You have been one of my style inspirations for a very long time. I continue to fall in love with your work every time I see it. No one could ever do couture the same way you did. You have an eye for fine detail and superb elegance that makes your work unique and perpetually alluring for generations to come.
Also, I find you as a person to be much like me. You live in the “fantasy” of your own world. You care not about the business part of it, the finances, what have you. I understand these are important things, but you and I both prefer to live in the world of luxury, glamour, and pure, unadulterated fashion. To us, there is nothing more important than making someone happy because they’re wearing something that exudes opulence.

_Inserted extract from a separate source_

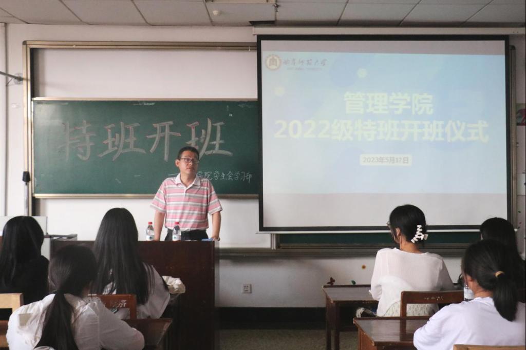 (通讯员:卞叶童 孙琬婷 韦如倩)2023年5月18日下午,杏吧原创 2022级特班开班仪式暨第一期活动于JC607顺利举办,该活动由杏吧原创 学习部承办,杏吧原创 党委副书记刘洪铎及2022级辅导员董晓宇出席本次活动,2022级特班全体成员参加。

Valentino, I must admit that the entire time I was watching this movie I thought to myself (and out loud to my mom) that one day, I hope to be even half as amazing as you. You wonderful, amazing man. I want to be celebrated by the world for my achievements as you were at your 45th Anniversary Party. I also want to be your friend so that we may converse in broken (on my part) Italian, go skiing in the Alps, yachting in Venice, and have photoshoots in Rome. In plainer words, I want to be as fucking awesome as you, Mr. Valentino.
I want to be equally as vain and self-righteous. I want to have my initials on the back of models’ stockings, and in sculptures and in the background of the runways. I want to have fucking Andy Warhol paintings of my face on my goddamn yacht. I want people to bend over backwards to make me happy if I don’t like the way something is shaping out. I want to be that amazing and powerful, yet at the same time, reserved and collected. You embody the kind of power I want to have. You are one of my “heroes” if I were to say I actually have any.
I hope you’re yachting the shit out life and skiing in the Alps with Giancarlo, happily enjoying a very well-deserved retirement.